→ **What is expected**
Each line from the first down to the one containing "RM-NOIR-MARINE-BLANC ブラック マルチカラー" should be returned exactly as it appears below.

→ **Given information**

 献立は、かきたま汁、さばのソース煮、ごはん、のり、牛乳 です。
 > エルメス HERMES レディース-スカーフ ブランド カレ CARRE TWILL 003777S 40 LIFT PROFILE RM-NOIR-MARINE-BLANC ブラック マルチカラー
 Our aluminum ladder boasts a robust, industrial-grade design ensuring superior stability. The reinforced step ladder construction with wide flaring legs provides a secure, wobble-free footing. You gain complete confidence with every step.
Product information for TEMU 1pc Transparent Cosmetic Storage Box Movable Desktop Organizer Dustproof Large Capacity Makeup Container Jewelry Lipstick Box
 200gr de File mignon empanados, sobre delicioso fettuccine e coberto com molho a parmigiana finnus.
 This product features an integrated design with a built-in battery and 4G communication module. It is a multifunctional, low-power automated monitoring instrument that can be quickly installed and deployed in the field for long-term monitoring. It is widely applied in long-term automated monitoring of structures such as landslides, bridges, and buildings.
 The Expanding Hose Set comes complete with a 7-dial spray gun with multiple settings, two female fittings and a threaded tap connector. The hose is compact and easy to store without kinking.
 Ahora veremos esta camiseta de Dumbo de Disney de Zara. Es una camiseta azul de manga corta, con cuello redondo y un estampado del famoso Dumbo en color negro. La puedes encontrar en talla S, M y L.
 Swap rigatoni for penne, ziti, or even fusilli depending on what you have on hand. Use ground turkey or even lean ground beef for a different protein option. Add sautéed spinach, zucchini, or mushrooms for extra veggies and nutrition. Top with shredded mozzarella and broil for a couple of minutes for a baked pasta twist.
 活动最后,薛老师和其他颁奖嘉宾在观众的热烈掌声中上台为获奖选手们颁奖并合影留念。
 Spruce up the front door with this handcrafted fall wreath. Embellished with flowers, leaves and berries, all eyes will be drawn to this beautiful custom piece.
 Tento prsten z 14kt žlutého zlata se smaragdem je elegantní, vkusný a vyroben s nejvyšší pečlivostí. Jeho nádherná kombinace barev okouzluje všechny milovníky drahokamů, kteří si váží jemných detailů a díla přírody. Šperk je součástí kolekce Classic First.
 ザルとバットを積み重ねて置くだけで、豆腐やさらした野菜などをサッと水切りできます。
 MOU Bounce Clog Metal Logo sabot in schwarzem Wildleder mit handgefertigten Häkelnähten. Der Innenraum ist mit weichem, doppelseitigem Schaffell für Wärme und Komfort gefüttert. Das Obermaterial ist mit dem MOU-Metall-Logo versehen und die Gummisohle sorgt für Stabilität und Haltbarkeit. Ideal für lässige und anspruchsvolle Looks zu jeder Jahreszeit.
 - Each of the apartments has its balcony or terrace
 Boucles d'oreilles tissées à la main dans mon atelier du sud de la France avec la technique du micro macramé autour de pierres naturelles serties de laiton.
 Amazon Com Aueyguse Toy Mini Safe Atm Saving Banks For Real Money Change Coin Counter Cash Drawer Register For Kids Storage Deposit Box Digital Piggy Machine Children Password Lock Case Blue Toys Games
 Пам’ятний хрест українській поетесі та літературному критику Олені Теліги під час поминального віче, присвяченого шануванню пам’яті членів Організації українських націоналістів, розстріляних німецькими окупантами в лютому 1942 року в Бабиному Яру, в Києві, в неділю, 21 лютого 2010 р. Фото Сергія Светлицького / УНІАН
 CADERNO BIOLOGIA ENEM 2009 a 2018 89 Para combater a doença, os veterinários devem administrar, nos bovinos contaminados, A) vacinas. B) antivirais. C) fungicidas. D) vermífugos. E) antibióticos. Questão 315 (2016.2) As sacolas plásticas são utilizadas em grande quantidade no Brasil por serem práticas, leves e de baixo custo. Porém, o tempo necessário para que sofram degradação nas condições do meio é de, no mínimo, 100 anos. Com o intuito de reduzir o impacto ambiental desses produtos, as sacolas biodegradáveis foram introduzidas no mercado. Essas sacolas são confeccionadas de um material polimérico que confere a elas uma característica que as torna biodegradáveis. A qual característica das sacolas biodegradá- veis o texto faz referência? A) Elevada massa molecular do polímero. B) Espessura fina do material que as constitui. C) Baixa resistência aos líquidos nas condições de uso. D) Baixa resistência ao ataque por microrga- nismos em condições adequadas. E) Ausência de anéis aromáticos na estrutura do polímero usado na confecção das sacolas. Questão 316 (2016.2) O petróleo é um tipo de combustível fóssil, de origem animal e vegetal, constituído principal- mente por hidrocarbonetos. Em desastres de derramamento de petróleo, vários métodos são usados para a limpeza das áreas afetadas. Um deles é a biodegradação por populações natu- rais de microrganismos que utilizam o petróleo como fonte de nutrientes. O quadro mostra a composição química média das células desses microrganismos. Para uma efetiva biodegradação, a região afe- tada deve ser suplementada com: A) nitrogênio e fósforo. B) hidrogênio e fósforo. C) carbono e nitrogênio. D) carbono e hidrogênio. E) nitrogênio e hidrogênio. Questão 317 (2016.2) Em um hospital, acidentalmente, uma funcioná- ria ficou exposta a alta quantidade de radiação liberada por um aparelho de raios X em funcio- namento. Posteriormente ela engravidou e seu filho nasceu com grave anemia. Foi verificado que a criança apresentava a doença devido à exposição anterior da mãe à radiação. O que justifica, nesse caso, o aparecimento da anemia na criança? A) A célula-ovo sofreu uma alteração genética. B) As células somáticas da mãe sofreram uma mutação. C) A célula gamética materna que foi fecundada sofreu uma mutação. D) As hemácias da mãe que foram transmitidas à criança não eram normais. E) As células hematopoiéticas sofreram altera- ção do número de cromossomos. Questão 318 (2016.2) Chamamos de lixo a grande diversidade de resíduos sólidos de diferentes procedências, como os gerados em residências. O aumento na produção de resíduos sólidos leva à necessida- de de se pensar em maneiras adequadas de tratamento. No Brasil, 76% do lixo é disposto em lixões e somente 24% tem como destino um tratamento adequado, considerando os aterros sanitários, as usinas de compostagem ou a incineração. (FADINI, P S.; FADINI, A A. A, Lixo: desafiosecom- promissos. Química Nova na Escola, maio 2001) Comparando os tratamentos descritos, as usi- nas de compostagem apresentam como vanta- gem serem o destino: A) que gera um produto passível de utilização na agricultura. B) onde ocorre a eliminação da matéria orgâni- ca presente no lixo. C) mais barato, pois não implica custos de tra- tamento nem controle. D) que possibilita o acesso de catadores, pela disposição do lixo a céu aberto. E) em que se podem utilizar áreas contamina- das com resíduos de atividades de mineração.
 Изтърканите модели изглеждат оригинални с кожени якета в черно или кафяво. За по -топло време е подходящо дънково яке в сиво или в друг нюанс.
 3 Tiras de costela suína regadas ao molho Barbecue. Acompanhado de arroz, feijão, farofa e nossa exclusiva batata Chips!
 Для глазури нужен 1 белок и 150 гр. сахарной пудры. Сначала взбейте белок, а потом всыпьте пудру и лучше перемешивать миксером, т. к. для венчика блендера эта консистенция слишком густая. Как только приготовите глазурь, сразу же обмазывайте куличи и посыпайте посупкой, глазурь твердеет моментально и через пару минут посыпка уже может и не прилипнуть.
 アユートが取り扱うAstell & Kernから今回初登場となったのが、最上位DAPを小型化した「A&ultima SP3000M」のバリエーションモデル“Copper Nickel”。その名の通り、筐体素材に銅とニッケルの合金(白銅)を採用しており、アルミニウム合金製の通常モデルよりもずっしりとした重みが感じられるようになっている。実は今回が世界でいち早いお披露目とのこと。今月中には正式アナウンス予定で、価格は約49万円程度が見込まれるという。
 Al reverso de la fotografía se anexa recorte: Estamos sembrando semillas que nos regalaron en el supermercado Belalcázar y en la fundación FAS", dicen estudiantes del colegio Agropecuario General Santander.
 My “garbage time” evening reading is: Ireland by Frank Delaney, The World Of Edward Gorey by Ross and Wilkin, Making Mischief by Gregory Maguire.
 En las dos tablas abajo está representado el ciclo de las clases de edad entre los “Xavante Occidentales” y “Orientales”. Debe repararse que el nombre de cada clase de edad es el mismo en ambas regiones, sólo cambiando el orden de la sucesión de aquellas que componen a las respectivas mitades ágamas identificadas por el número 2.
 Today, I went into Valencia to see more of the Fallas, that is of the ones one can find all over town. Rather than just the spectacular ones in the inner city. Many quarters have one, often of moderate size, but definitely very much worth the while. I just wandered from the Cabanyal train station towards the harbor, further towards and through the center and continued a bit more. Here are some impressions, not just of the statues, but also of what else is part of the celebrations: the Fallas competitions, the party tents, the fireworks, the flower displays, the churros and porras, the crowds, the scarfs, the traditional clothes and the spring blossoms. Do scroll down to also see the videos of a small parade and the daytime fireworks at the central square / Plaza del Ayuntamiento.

→ **Response to the task**
 献立は、かきたま汁、さばのソース煮、ごはん、のり、牛乳 です。
 > エルメス HERMES レディース-スカーフ ブランド カレ CARRE TWILL 003777S 40 LIFT PROFILE RM-NOIR-MARINE-BLANC ブラック マルチカラー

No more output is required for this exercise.